Problem to work on:
From the data that follows, print exactly the lines starting at the one containing "Découvrez MochaWood, un" and ending at the one containing "AUSTRALIA 10/-,£1,£5. 1938-39."; include both of them and nothing more.

Material supplied:
--

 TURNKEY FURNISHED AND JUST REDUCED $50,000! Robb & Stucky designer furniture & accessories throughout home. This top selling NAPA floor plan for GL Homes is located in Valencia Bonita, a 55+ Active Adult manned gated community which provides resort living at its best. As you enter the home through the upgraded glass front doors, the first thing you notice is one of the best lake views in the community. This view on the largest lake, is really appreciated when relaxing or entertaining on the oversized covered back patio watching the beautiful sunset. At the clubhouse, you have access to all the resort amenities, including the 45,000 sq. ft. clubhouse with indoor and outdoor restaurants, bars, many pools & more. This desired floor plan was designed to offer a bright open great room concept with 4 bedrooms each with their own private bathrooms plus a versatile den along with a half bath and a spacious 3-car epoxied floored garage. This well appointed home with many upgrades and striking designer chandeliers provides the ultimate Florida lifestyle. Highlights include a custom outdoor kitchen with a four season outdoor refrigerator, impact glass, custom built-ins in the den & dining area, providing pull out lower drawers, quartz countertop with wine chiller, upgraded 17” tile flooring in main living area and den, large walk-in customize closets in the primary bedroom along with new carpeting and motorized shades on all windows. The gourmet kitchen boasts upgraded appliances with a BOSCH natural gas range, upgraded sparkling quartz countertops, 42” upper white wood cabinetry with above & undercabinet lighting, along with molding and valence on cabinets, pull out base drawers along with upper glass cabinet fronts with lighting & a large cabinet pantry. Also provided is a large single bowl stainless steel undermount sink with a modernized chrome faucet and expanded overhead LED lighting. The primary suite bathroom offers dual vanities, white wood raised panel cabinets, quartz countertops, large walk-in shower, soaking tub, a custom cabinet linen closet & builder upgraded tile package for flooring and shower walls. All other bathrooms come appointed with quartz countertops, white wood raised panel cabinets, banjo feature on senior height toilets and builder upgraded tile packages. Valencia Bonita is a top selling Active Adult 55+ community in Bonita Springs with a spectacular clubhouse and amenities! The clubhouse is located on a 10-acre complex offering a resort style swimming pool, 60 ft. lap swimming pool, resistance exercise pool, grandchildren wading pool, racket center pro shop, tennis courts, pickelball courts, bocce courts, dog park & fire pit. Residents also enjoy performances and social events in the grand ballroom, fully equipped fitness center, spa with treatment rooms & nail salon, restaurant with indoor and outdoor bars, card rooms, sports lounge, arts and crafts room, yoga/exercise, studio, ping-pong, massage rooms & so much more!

--

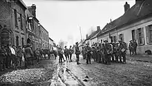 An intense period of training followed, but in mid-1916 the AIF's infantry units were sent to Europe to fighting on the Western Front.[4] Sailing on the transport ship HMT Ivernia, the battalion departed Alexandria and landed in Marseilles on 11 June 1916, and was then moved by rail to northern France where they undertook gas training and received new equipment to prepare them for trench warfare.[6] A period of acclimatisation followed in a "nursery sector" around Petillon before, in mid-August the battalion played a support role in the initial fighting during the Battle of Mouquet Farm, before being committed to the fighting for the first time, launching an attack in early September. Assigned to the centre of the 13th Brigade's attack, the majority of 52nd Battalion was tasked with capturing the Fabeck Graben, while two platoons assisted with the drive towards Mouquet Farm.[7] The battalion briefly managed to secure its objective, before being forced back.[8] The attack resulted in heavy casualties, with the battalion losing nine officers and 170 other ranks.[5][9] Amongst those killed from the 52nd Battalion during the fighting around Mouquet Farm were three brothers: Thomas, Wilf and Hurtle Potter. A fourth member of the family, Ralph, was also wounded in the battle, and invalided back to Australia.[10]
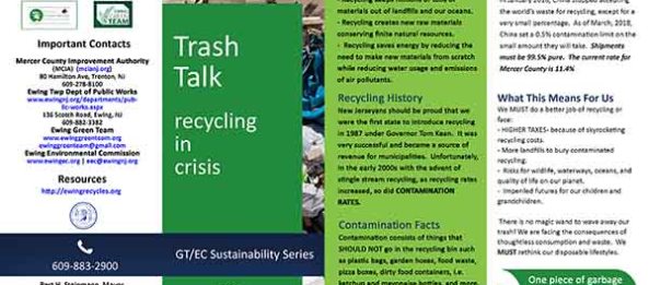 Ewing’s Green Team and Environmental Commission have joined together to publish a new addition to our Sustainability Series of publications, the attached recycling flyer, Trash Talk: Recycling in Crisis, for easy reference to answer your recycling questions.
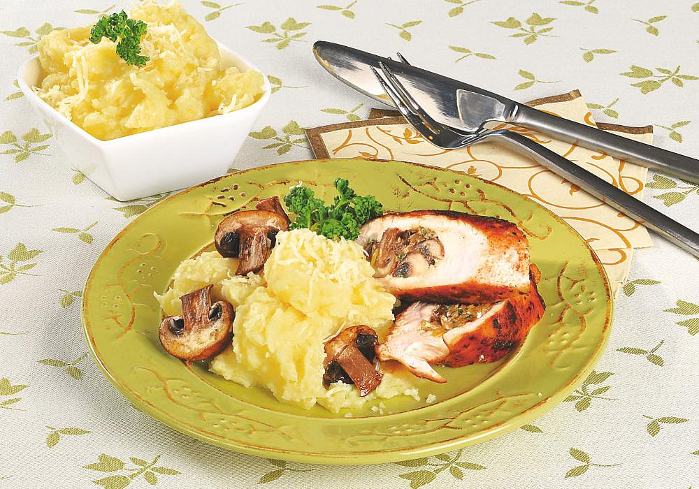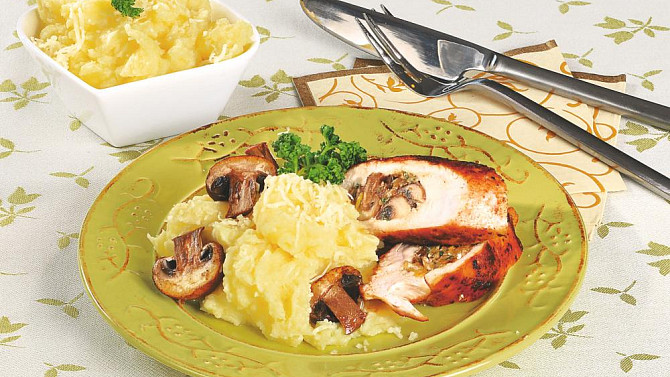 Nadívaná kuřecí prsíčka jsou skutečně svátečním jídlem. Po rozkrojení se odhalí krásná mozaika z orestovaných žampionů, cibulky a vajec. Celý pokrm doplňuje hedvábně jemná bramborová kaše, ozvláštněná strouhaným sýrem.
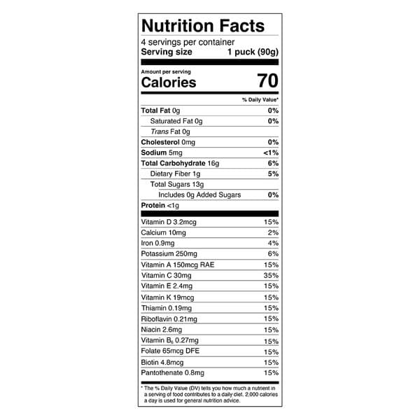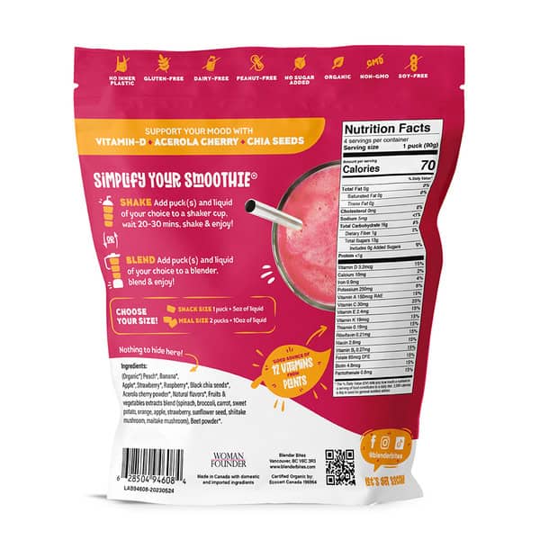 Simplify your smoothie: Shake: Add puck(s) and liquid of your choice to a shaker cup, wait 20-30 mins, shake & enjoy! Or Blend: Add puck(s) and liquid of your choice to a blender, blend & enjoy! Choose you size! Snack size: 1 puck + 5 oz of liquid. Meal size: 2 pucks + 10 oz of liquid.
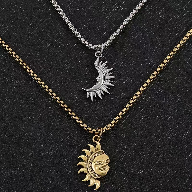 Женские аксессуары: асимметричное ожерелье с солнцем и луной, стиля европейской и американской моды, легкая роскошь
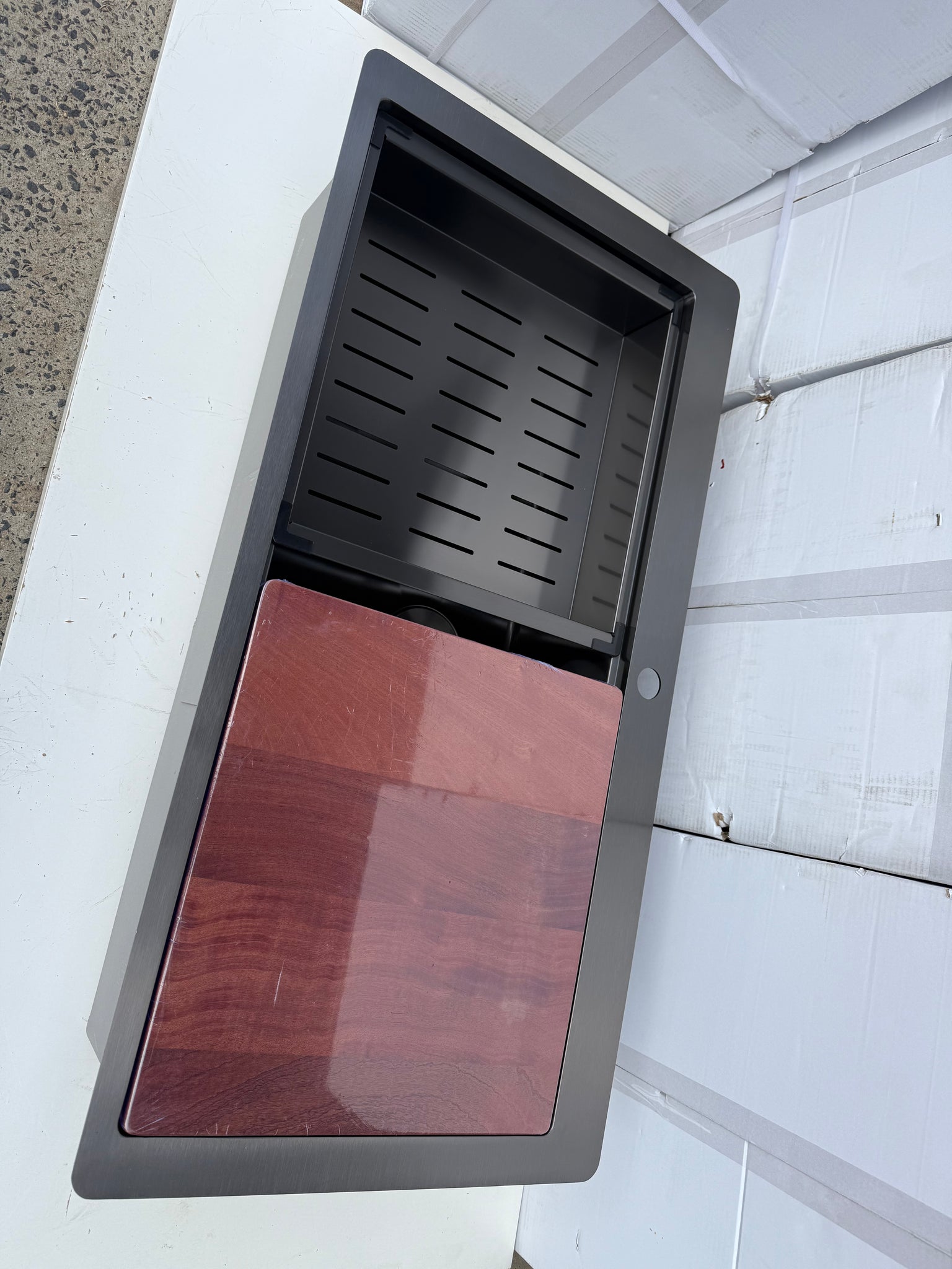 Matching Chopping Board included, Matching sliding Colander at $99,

--

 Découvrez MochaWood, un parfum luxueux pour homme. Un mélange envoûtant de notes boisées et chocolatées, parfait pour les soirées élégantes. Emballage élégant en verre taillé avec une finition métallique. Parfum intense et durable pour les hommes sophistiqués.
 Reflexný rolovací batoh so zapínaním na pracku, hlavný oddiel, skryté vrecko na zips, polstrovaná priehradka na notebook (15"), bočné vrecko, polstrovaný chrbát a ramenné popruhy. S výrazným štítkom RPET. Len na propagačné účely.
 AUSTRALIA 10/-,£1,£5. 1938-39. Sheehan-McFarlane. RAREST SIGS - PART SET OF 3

--

The completed task:
 Découvrez MochaWood, un parfum luxueux pour homme. Un mélange envoûtant de notes boisées et chocolatées, parfait pour les soirées élégantes. Emballage élégant en verre taillé avec une finition métallique. Parfum intense et durable pour les hommes sophistiqués.
 Reflexný rolovací batoh so zapínaním na pracku, hlavný oddiel, skryté vrecko na zips, polstrovaná priehradka na notebook (15"), bočné vrecko, polstrovaný chrbát a ramenné popruhy. S výrazným štítkom RPET. Len na propagačné účely.
 AUSTRALIA 10/-,£1,£5. 1938-39. Sheehan-McFarlane. RAREST SIGS - PART SET OF 3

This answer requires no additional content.